I worked in privately owned child care facilities with 2 yr olds, specifically, for several years. Every daycare facility has its own personality, priorities and methods. Few agree on even the basics, which is important if you are the parent of a child that requires either daycare or nanny care. Here is a checklist parents can work through before selecting a daycare facility or a new nanny.
- Affection: Some facilities/educators limit the amount of age-appropriate physical affection teachers and assistants show the children while others give affection freely. Determine how important it is to you, as parents, to know your child’s teachers freely care for your child as demonstrated by age-appropriate physical affection.
- Teaching method: There is a vast spectrum of educational styles, particularly in early education facilities like daycares. Many experts believe training young children in factual information gives them an advantage when they finally get to school. There are also experts, however, who believe that too much structured teaching actually works against the natural explorative curiosity of young children and thereby discourages a child’s natural creativity and development.

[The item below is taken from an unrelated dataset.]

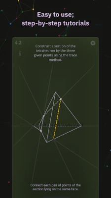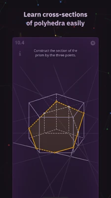 XSection is a trainer of solid geometry problem solving. It teaches you how to perceive 2D representation of polyhedra, lines, and planes from 3D Euclidean space. All the problems can be solved without complex calculations. The app contains the required theory facts and explanations. If you forgot a definition, you can instantly find it in the app’s glossary.

- Staff qualifications: As strange as it seems, all experts agree that the “formative years” between 1 – 5, (or even 1 – 3, some say) are most vital in a child’s growth and development, and yet most early educators have little, if any, education beyond high school. Most daycare staffs members receive minimum wage, or only slightly higher. I mention this because, even at this, there are some devoted educators with advanced degrees willing to sacrifice the money for the reward of teaching young children well. These are rarely well documented, but they are out there both in the daycare setting and as potential private nannies. States mandate some criminal background checks in search of child abuse histories, but if this seems important to you, you may ask about the educational certifications of your child’s teachers.
- State Laws: If you are a parent looking for a daycare facility, know that when parents are not on the premises, liberties are often taken to save money. I’m sure there are exceptions, but after all, while childcare has become big business, there is generally not a high profit margin. The biggest shortcut I have seen is in ratio-staffing. Again, each state dictates the safety standards for class size (total number of students per classroom) and ratio (number of students per adult) depending on age group. There are also space requirements per child, which is harder to fudge.
These are subjects for discussion as parents consider childcare options. Please, consider the above issues carefully before making a commitment with your child. Remember, no one can do a better job of encouraging healthy growth and development in your child than YOU. No one!